Hydrophobic and Hydrophilic, even easier, exam 100% won't come out. teacher will sure focus on things that are harder and more important, so lets ignore this again.

hmm, distance and displacement. a bit important. but nevermind, even if it comes out in exam, just shoot blindly using your M-16 and you will still get a 50% chance of sucess rate, so it's okay to be blur on this.

haix. add maths, even easier. how many numbers are there in this world? 999999999999.......
even you simply shoot, also can get a 0.0000007% of sucess rate, which is very high(for me), so, it's okay to ignore this whole subject

works done ^^ dota time. yeah!

Friday, May 1, 2009

library's + tuition's fun

yea, if you think that library is a place which only will make you feel bored and give you the feeling of boredom. well, im gonna prove to you that it's an untrue statement ^^. today, cheng nam, me, weng hoe, ming ren, and meng tek go to the library for our nilams.

well, we have discussed things about sex, boys and girls, which is pretty normal among boys.

we're laughing loud and cheng nam, who have a big voice keep rasing his voice..... well, if you ask me, i doubt that kay yan heard what were we taking. i can tell that she's trying hard not to laugh, i doubt.

then, the librarian name suet mun(according to them, this is her name), came to the area near our table... meng tek hadn't realize she's behind him...... and he carry on with the topic...... then end up we make ourselves very embaressed. very very embarassed......

------------------------------------------------------------------------------------------------

woo man..... thursday's BM tuition is boring..... very very boring..... but it isn't boring for this time xD

well, teacher start the lesson by asking our fravorite colour to do a pschology test. Tun Kai, who sat behind me keep forcing the whole population of MBS students in Minda Ceria to say Pink as our fravourite colour. i ruin the plan by saying i love black colour and the rest of them didn't turn up saying pink.

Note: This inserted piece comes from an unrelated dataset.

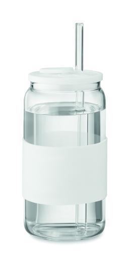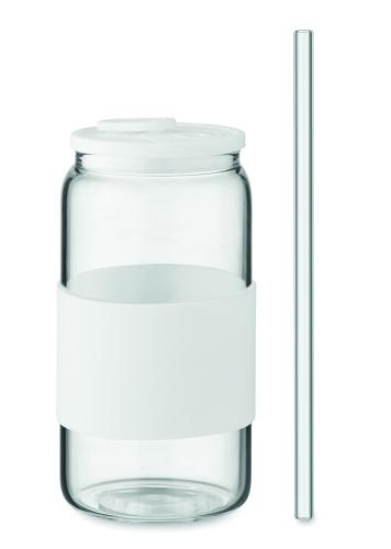 High borosilicate glass tumbler with silicone lid and grip. Includes borosilicate glass straw. Capacity : 550 ml.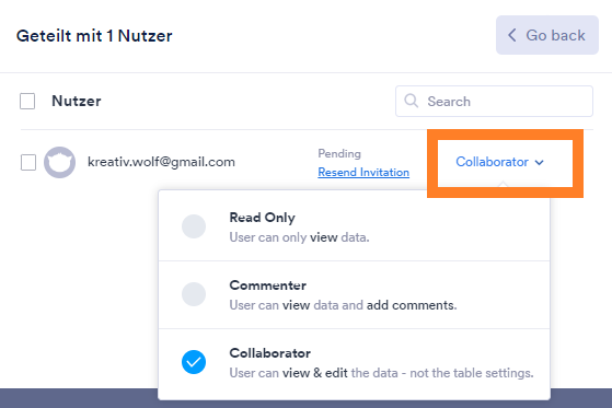 Obwohl ein Arbeitsbereich über eine individualisierbare Einladung per E-Mail oder einen zugehörigen Link für jedermann freigegeben werden kann, verfügt Jotform Tabellen über Sicherheitsvorkehrungen. So können Sie überwachen, wer Zugriff auf Ihre Daten hat und festlegen, was diese Personen damit tun können und wie lange sie darauf zugreifen dürfen.

the test shows that i'm always lack of confidence, and keep things to myself. it's actually only half true. i admit that i'm lack of self-confidence and i'm trying hard to built it up. but i don't keep things to myself..... once in a while, i'll share my feelings with my friends.

WAKAKA! the fun part came when tun kai keep lying his head down behind my back. and, guess what, he says he needed a toilet and he wanted to pass motion. according to him, he'hv been wanting to go into the toilet to release whatever in his backside since the class started (means that he had stand the feeling of wanting to pass his motions for 2 hours, which is something very very hard for someone ordinary to do, lets give him an applause clap clap*)

geek, and we're discussing about tze keat's blog. tun kai says he had been an emo-kido. and throughout the whole lesson, tun kai keep using the word "loser" and he called me "loser", callled tze keat "emo-loser" and call te sheng "always the loser". well, then he's probably the "boss of losers", i guess.